Return an exact copy of the data, starting at its first line and ending at the line that contains "Диаметр 68мм, глубина 50мм, длина 138мм.", minus any pictures.

### GIVEN DATA

□ □ □ □ □ □ □

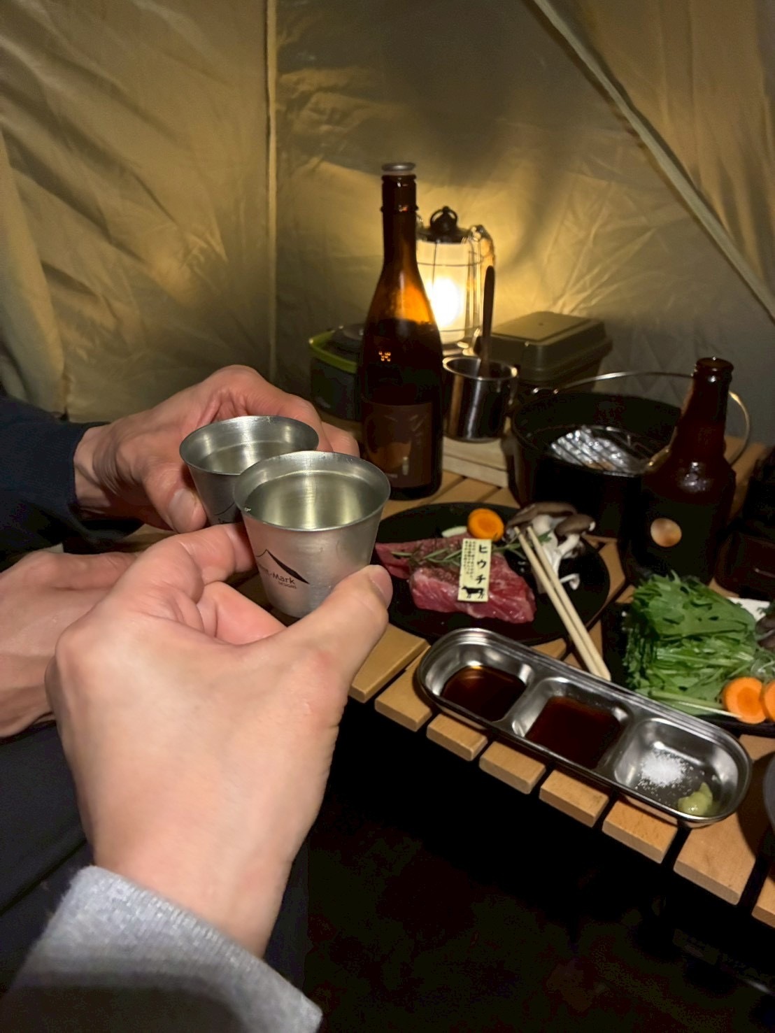 日が暮れてからは、一緒に来ている先輩のテントで一杯飲んで🍻
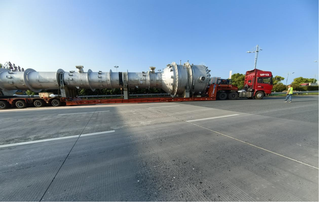 该站管理人员经情况核实,第一时间向公司报告,积极协调工程养护及安全环保部门,联合辖区交警路政及相关单位共同研究该车辆的通行方案。在确认该车辆持有《大件运输车辆通行公路桥梁结构检算报告》后,决定临时拆除收费站入口部分隔离墩、隔离栅片网、伏地护栏等防护设施,同时铺设钢板,为车辆安全通行提供保障。
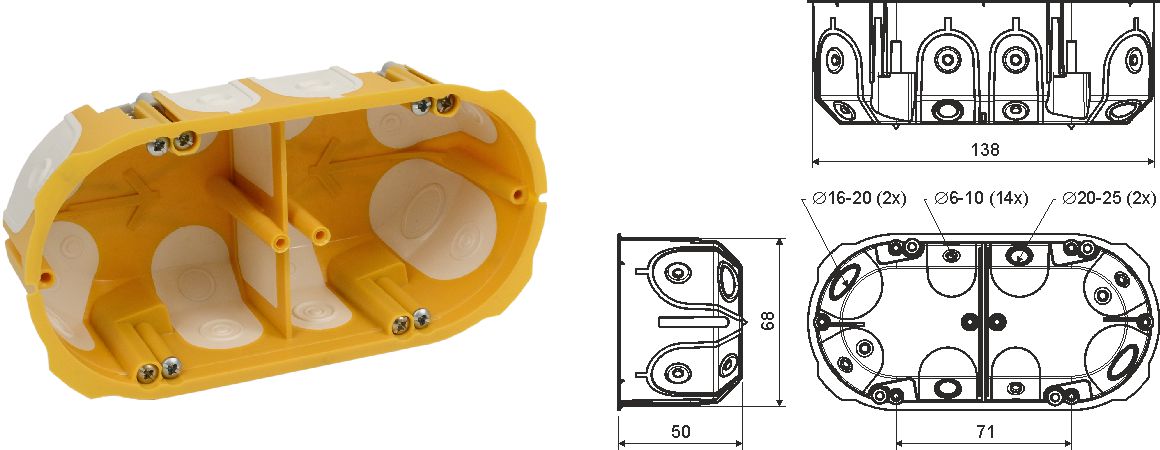 Диаметр 68мм, глубина 50мм, длина 138мм.
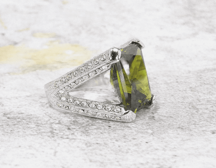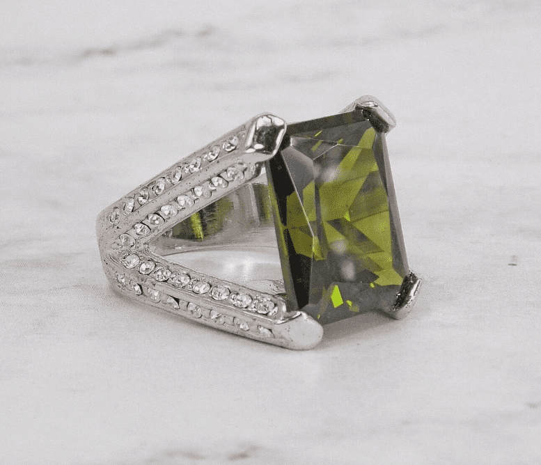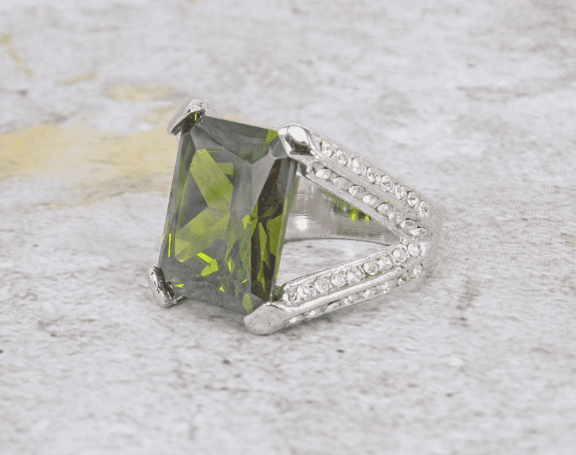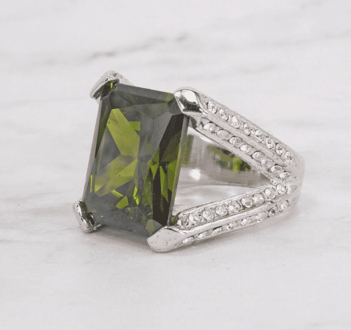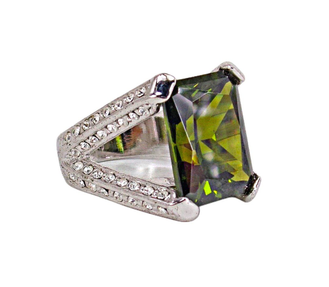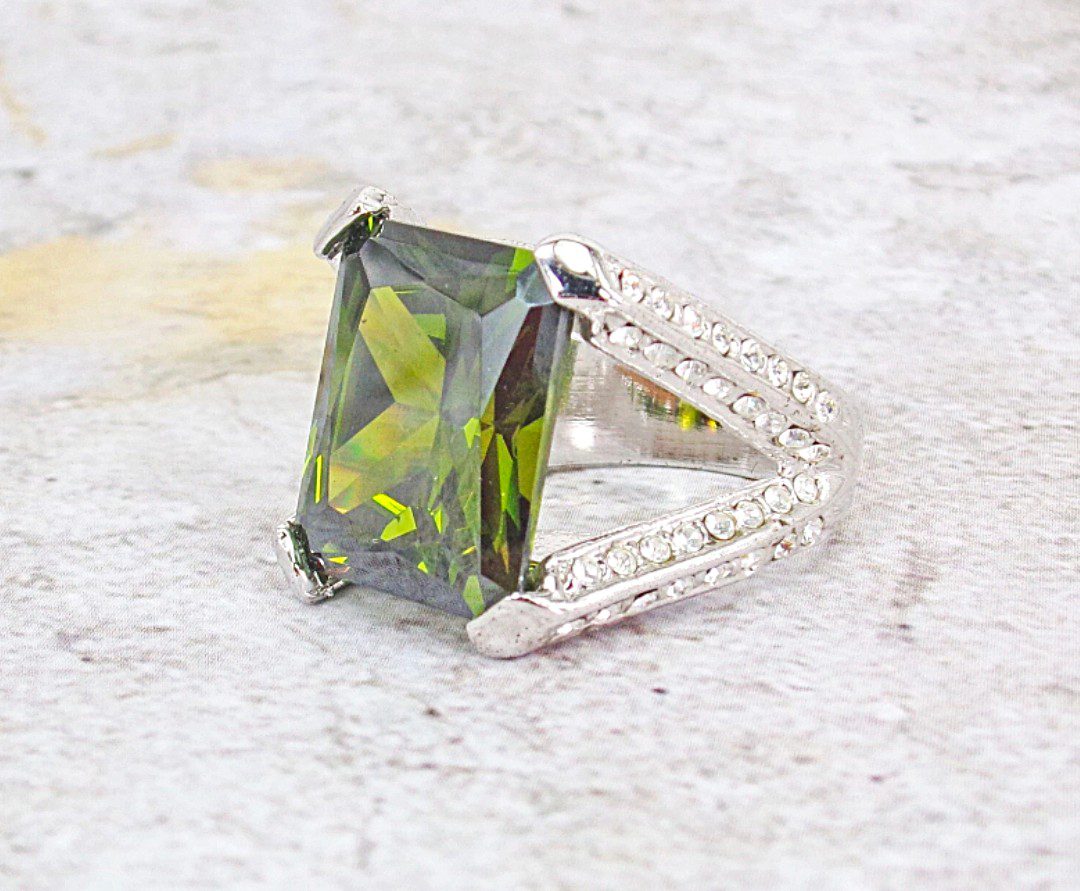 Beautiful green cubic zirconia stone statement ring created in a rectangle shape stone. It is designed with the green CZ stone set in a four prong open setting. There are clear cubic zirconia stones set into sides, top, and bottom of the ring shank. It makes a stunning statement ring for any occasion.

□ □ □ □ □ □ □

### ANSWER
 日が暮れてからは、一緒に来ている先輩のテントで一杯飲んで🍻
 该站管理人员经情况核实,第一时间向公司报告,积极协调工程养护及安全环保部门,联合辖区交警路政及相关单位共同研究该车辆的通行方案。在确认该车辆持有《大件运输车辆通行公路桥梁结构检算报告》后,决定临时拆除收费站入口部分隔离墩、隔离栅片网、伏地护栏等防护设施,同时铺设钢板,为车辆安全通行提供保障。
 Диаметр 68мм, глубина 50мм, длина 138мм.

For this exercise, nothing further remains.